_TASK TO CARRY OUT_
Drop every image, then reproduce the data exactly as given.

_DATASET SECTION_

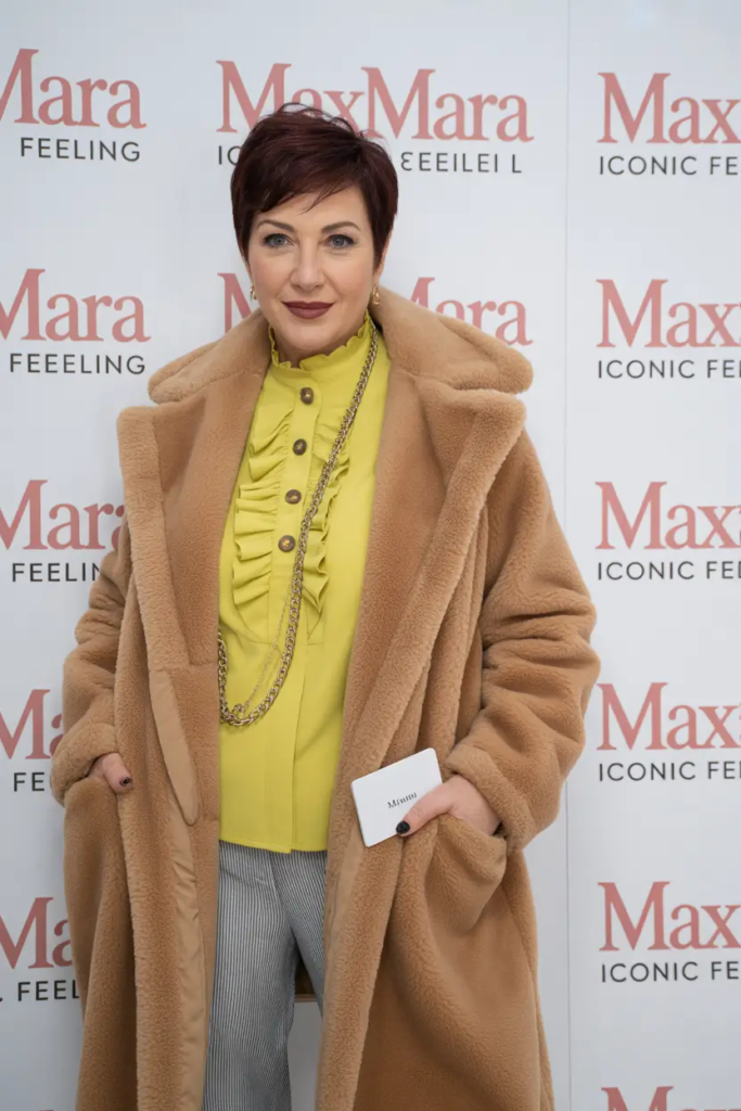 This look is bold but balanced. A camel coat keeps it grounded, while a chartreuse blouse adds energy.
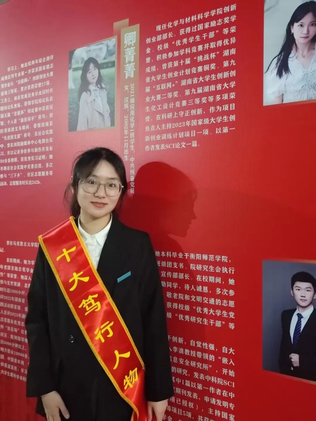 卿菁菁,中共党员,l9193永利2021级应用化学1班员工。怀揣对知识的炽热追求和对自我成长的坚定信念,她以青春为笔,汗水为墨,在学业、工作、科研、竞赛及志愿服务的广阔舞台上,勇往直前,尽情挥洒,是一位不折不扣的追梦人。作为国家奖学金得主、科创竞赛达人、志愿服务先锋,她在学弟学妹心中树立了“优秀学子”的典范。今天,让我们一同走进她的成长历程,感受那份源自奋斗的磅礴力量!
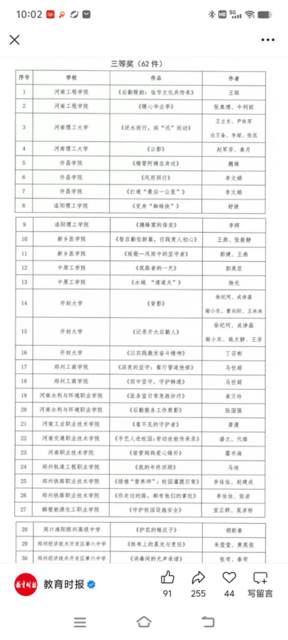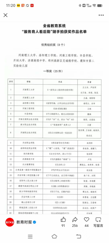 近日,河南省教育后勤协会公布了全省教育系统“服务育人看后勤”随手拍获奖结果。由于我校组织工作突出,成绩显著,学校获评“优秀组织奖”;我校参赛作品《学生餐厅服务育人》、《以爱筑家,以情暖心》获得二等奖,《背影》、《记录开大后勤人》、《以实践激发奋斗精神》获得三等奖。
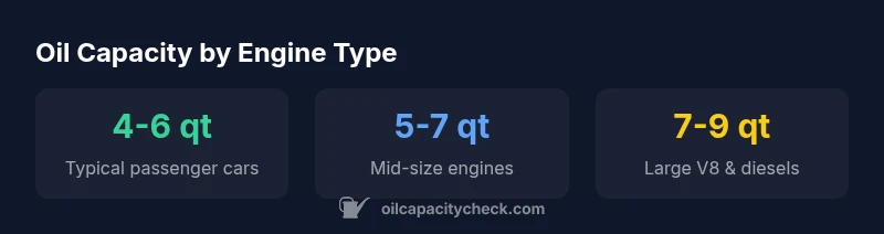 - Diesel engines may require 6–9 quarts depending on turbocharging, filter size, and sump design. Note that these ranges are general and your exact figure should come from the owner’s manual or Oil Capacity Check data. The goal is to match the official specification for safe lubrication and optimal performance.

_ANSWER BOX_
 This look is bold but balanced. A camel coat keeps it grounded, while a chartreuse blouse adds energy.
 卿菁菁,中共党员,l9193永利2021级应用化学1班员工。怀揣对知识的炽热追求和对自我成长的坚定信念,她以青春为笔,汗水为墨,在学业、工作、科研、竞赛及志愿服务的广阔舞台上,勇往直前,尽情挥洒,是一位不折不扣的追梦人。作为国家奖学金得主、科创竞赛达人、志愿服务先锋,她在学弟学妹心中树立了“优秀学子”的典范。今天,让我们一同走进她的成长历程,感受那份源自奋斗的磅礴力量!
 近日,河南省教育后勤协会公布了全省教育系统“服务育人看后勤”随手拍获奖结果。由于我校组织工作突出,成绩显著,学校获评“优秀组织奖”;我校参赛作品《学生餐厅服务育人》、《以爱筑家,以情暖心》获得二等奖,《背影》、《记录开大后勤人》、《以实践激发奋斗精神》获得三等奖。
 - Diesel engines may require 6–9 quarts depending on turbocharging, filter size, and sump design. Note that these ranges are general and your exact figure should come from the owner’s manual or Oil Capacity Check data. The goal is to match the official specification for safe lubrication and optimal performance.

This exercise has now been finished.